__The task__. The material below includes pictures; leave them out and return only the lines between the line containing "Moosbild aus Moos" and the line containing "La copa es de", inclusive, word for word.

+===+

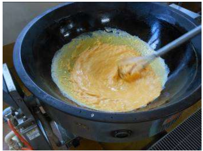
「いりたまご」は焦げないように注意深く調理します。
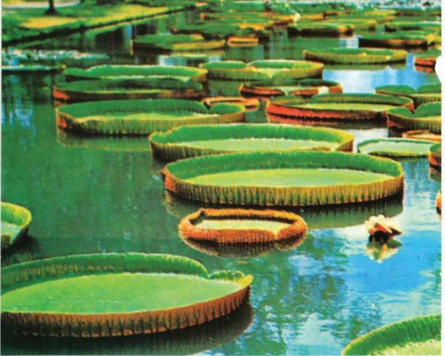
★ إحدى البحيرات التي تنمو فيها نباتات مائية، جميلة الشكل، وتادرة الوجود ★

بعض أزهارها مكونة من سبعة أعضاء . وهم لا يعملون في مجال الدعوة الإسلامية ، وإنما يعملون بالتدريس في بعض المدارس .
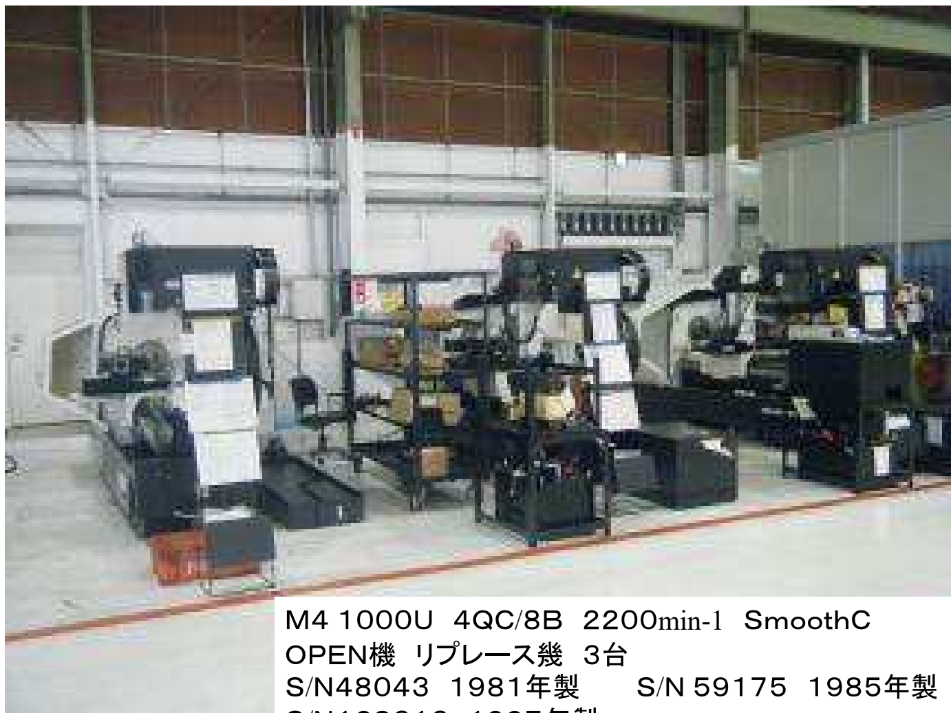
M4 1000U 4QC/8B 2200min-1 SmoothC OPEN機 リプレース機 3台 S/N48043 1981年製 S/N 59175 1985年製 S/N128313 1997年製
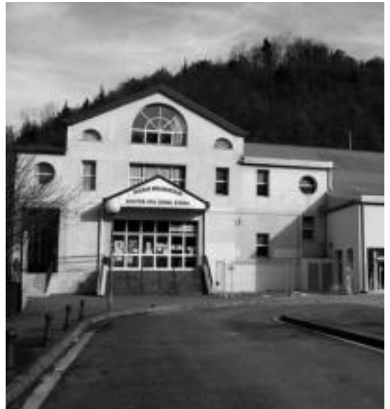
Segituan hasiko dira Kultur etxean berokuntza sistema berria jartzen. E.MAZ

«Laburbilduz, aurreko bi urteetan igoerei eutsi nahi izan genien, 2009an KPIa denetan eta zaborrarak %10 eta ia igoerarik ez (KPIa ere ez)», azaldu du alkateak. «Ur kontsumoa egokia izate aldera gutxien erabiltzen dutenei, eta behar gehiago dutenei gutxiago kobratzea hobetsi dugun», gaineratu du alkateak.
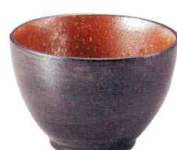
T346-309-03 明神ブチ丼 φ10.3×H7.2cm ¥460
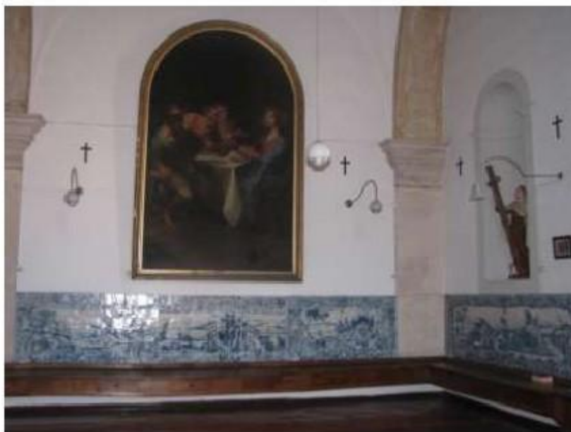
Fig.155 Convento de Santa Teresa de Jesus - Coimbra Azulejos Coro alto
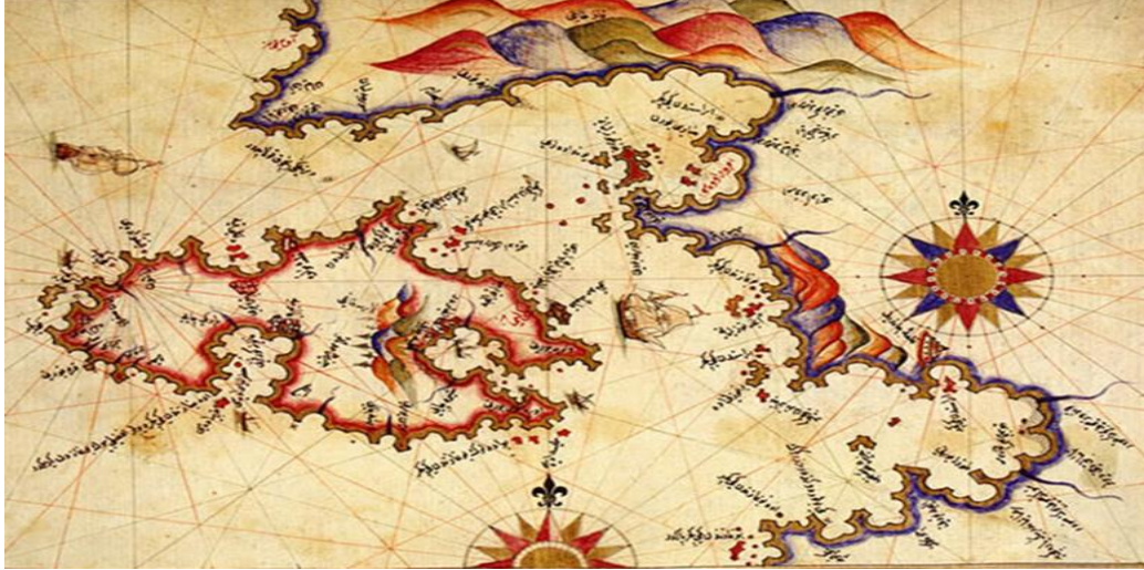
Görsel 4: Ayvalık Piri Reis Haritası

Ege bölgesinde bulunan geçmişten gelen tarihi kültürünü ve tarihi kentsel dokusunu bugüne kadar sürdürebilen ender yerleşim bölgelerinden biridir. Anadolu'da Geleneksel Konut Mimarisi içinde değerlendirilebilecek konutlara sahip yerleşimlerden biri olan Ayvalık, tarihi kent dokusuna ait bu birikim açısından oldukça zengin bir içeriğe sahip olduğu belirtilmelidir. XIX. ve XX. yüzyıla ait konutlardan en azından 1000 tanesi plan ve mimari özelliklerini koruyabilmiş biçimde sağlam ve kullanılır durumdadır. Kent bu kimliğiyle açık hava müzesi durumundadır. Geçmişle yaşayabilen bir kent olma özelliğini her sokağı donatan evleriyle ortaya koyar.
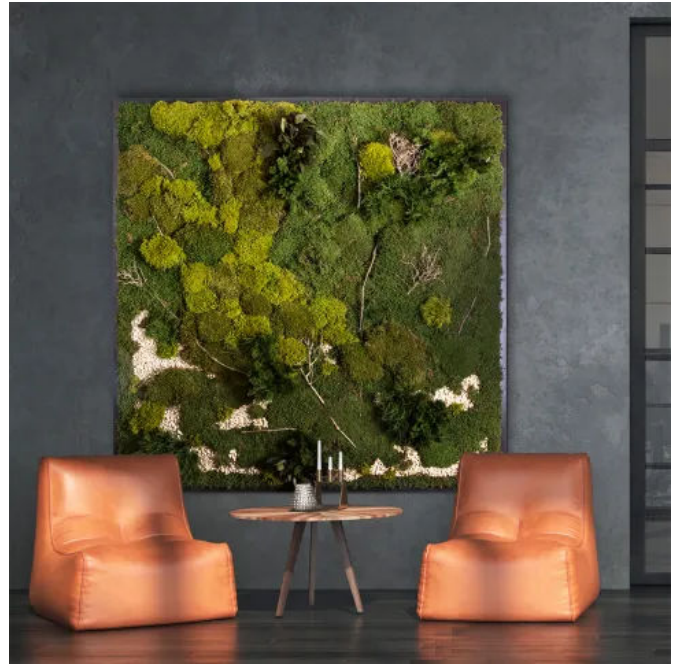
Moosbild aus Moos und Pflanzen - Innenbegrünung
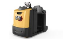
Tracteur : 3,0 à 5,0 tonnes
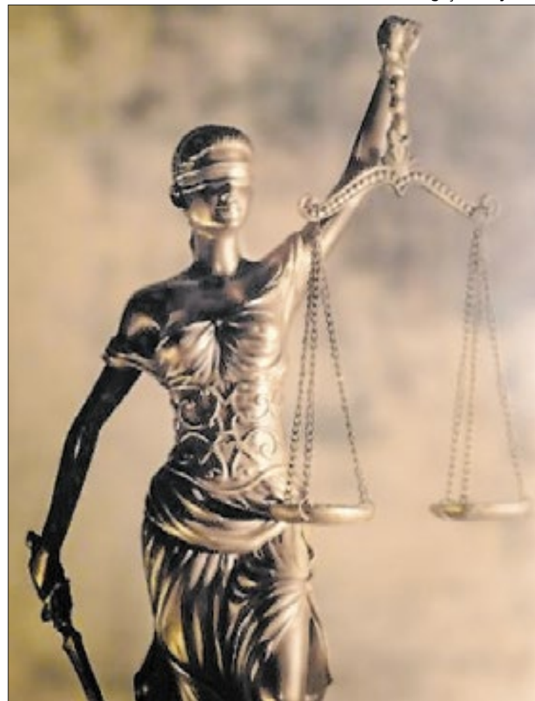
Técnicos do Judiciário com graduação continuam recebendo o adicional
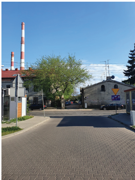
Fotografia 5. Widok z wyjazdu z osiedla Nowa Przędzalnia

willa Leona Allarta. Obok niej znajdują się stare, zaniedbane kamienice mieszkalne. Elementy te sprawiały, że respondenci czuli się za bramą osiedla niebezpiecznie po zmroku. Obawy przed poruszaniem się poza terenem osiedla, do którego każdy ma dostęp sprawiały, że mieszkańcy chcieliby zwiększyć kontrolę nad tym, kto odwiedza ich miejsce zamieszkania.
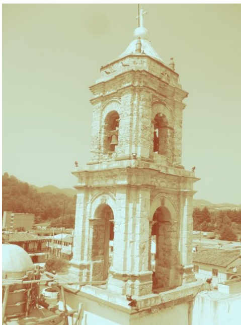
Jubo, parte de madera que sirve para colgar la campana

La copa es de bronce, fundida con diversas aleaciones, como son: metal y bronce como mencionaba anteriormente la nuestra tiene un poquito de oro.
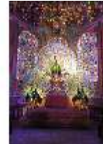
Lin.II, Maurischer Kiosk, Pfauenthron, DI004557, BSV-
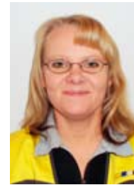
Heli Puhakka Sisustus
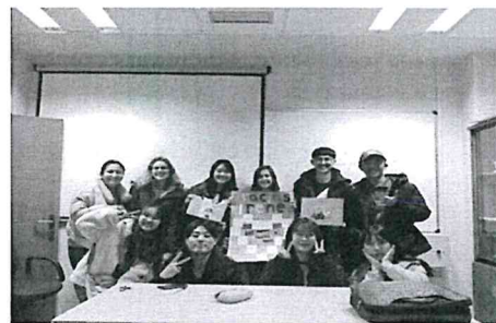
(第一學期的西文正規班結束與老師拍照)

+===+

__Your solution__.
Moosbild aus Moos und Pflanzen - Innenbegrünung
Tracteur : 3,0 à 5,0 tonnes
Técnicos do Judiciário com graduação continuam recebendo o adicional
Fotografia 5. Widok z wyjazdu z osiedla Nowa Przędzalnia

willa Leona Allarta. Obok niej znajdują się stare, zaniedbane kamienice mieszkalne. Elementy te sprawiały, że respondenci czuli się za bramą osiedla niebezpiecznie po zmroku. Obawy przed poruszaniem się poza terenem osiedla, do którego każdy ma dostęp sprawiały, że mieszkańcy chcieliby zwiększyć kontrolę nad tym, kto odwiedza ich miejsce zamieszkania.
Jubo, parte de madera que sirve para colgar la campana

La copa es de bronce, fundida con diversas aleaciones, como son: metal y bronce como mencionaba anteriormente la nuestra tiene un poquito de oro.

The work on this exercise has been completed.